14.  Mathias Reinart Family – 1983

(Halbur, Iowa, Centennial Book, 1883-1983)

 

Mathias Reinart -- On April 5, 1864, Mathias Reinart and Susanna Friedman were married at Luxemburg, Iowa in Dubuque County.  Their early married years were spent at Caledonia, Minnesota, where Mathias was a farmer on the land he purchased in 1864.  The first five of their children were born at Caledonia.  In 1870, Matthias moved his family to Carroll County to a farm near Roselle.  The children attended school which had German speaking teachers.  They learned to read in German and their Catechism was also taught in German.

 

     Twelve children were born to their union: Anton, William, John Ludwig, Josephine, Nicholas, Lena, Joseph, Peter, John, Anna, Mary, and Elizabeth.  Anton, William and John Ludwig died just a few months apart and likely from the same disease.  Josephine Reinart Neu died at the age of 58.  Most of the Reinarts lived long lives.  Mathias died at the age of 84 and Susanna at 91.  Their children, Nicholas died at 69, Lena at 88, Joseph at 99, Peter at 85, John at 94, Anna at 65, and Mary at 101.  Elizabeth died in Texas in 1982 at the age of 111 years.  She lived under the administration of 22 presidents and the reign of six popes.  One thousand four hundred thirty-six people claim to be descendants of Mathias and Susanna Reinart.

   

     All the children were married in Iowa.  Three of them, Nicholas, Josephine and Elizabeth, moved to Texas, probably for the climate and the availability of land.  The remaining children stayed in Iowa except for Mary, who moved to Nebraska.

 

     In June of 1914 the Reinarts celebrated their Golden Wedding Anniversary with all their children present for the occasion.

 

     Upon retiring, the couple moved to a large frame house in Halbur, which is presently owned and occupied by the Vernon Riesselman family.
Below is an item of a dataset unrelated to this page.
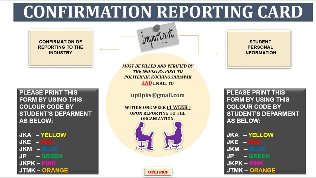 ANDA DI KEHENDAKI MELENGKAPKAN BORANG PINK & YELLOW SERTA MENGHANTAR KAD YANG TELAH DISAHKAN OLEH PIHAK INDUSTRI KE UPLI MELALUI EMAIL uplipks@gmail.com DALAM TEMPOH SEMINGGU SELEPAS MELAPOR DIRI KE SYARIKAT.

15.  Peter Reinart Family – 1983

 

(Halbur, Iowa, Centennial Book, 1883-1983)

 

 Peter Reinart -- Peter Reinart was born near Roselle, Iowa on April 14, 1878.  He married Mary Hoffert, a native of Axtell, Nebraska, on January 23, 1905.  Peter and Mary farmed until 1927, when they moved to Halbur where he was employed as a janitor for several years.  Peter then worked as a carpenter with Nick Goetzinger until his retirement in 1955.

 

    Four daughters were born to the Reinarts: Gladys, Bertille, Mary and Genevieve.  Gladys married Adolf Langel; she died in 1940.  Bertille married Leo Thielen and they live on a farm south of Manning.  Mary is married to W.A. Buccholz and they live in Jasper, Indiana.  Genevieve married Lawrence Gehling and they reside at Gilmore City, Iowa.

 

     Peter died June 21, 1963.  Mary died August 17, 1956.